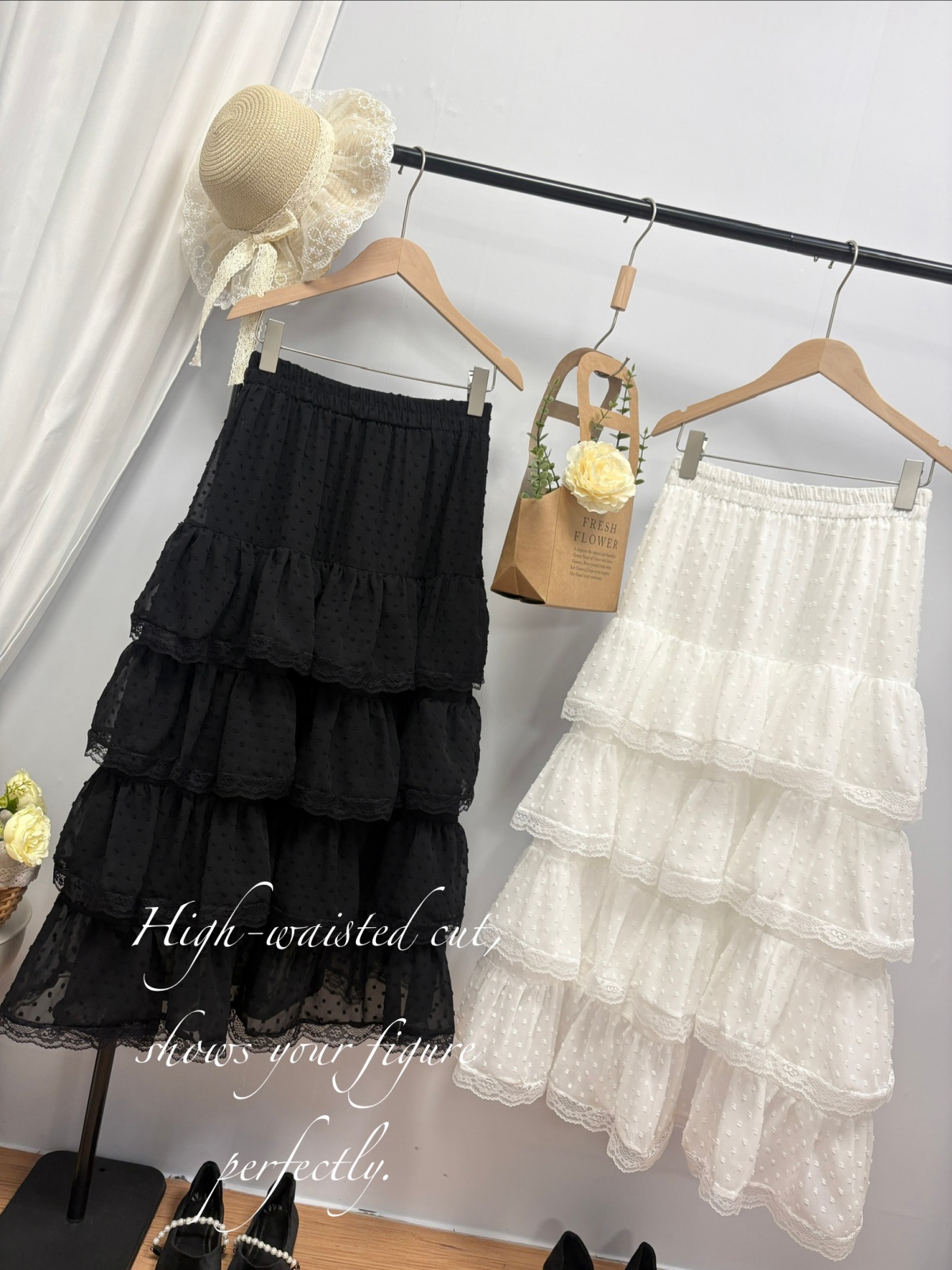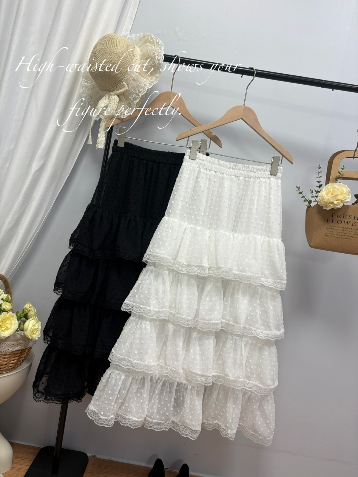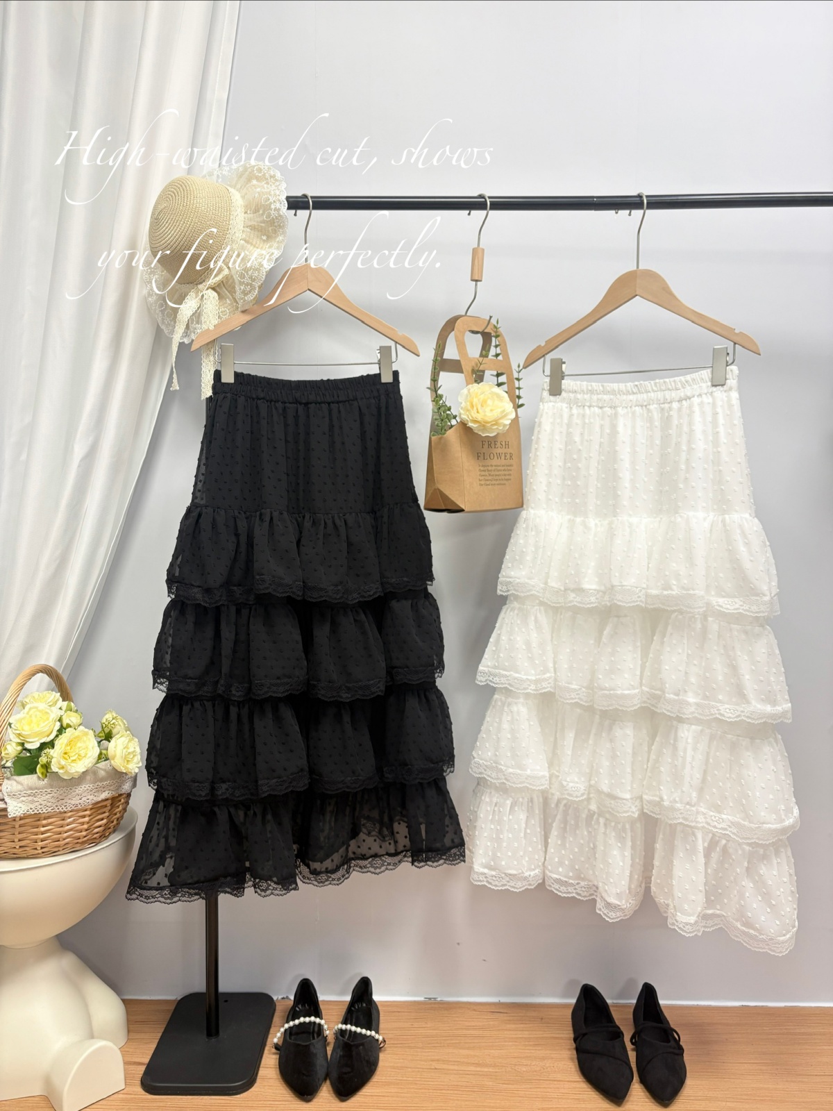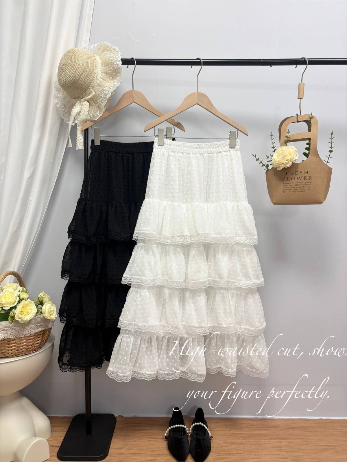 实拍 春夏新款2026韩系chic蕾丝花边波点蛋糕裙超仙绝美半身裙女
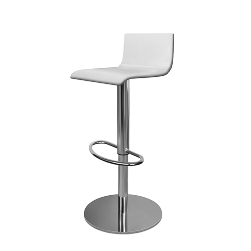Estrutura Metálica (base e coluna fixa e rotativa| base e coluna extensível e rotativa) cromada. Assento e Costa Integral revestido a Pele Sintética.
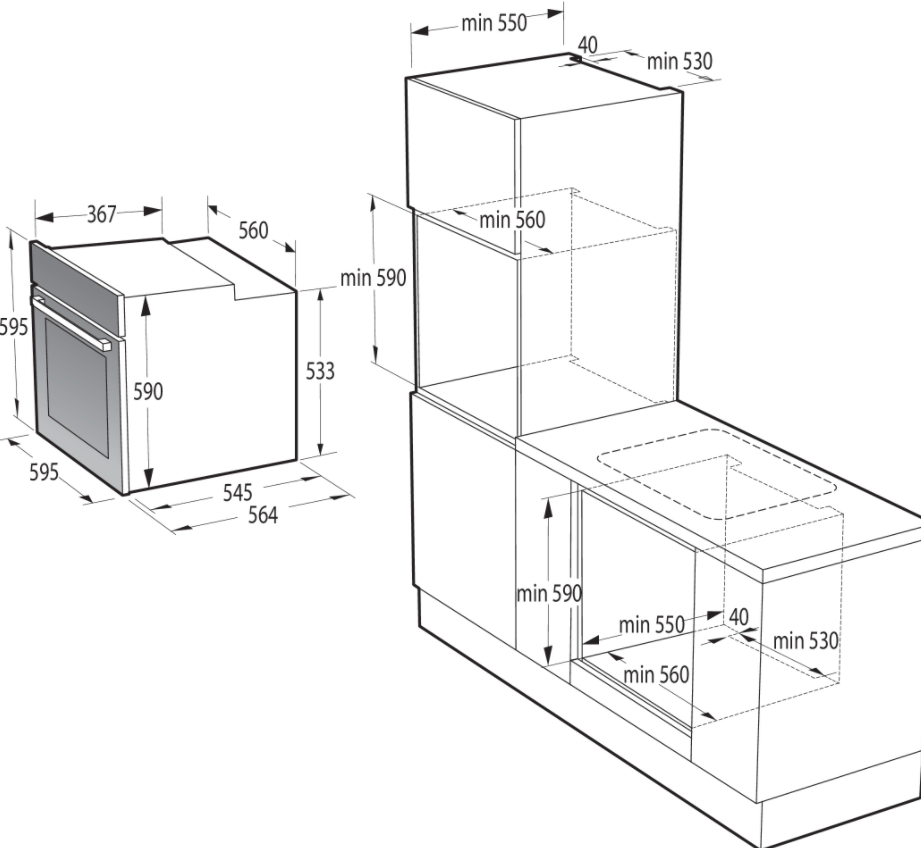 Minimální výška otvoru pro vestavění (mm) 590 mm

Assignment: An exact reproduction of the material above is needed, without its pictures.

Task result:
 实拍 春夏新款2026韩系chic蕾丝花边波点蛋糕裙超仙绝美半身裙女
Estrutura Metálica (base e coluna fixa e rotativa| base e coluna extensível e rotativa) cromada. Assento e Costa Integral revestido a Pele Sintética.
 Minimální výška otvoru pro vestavění (mm) 590 mm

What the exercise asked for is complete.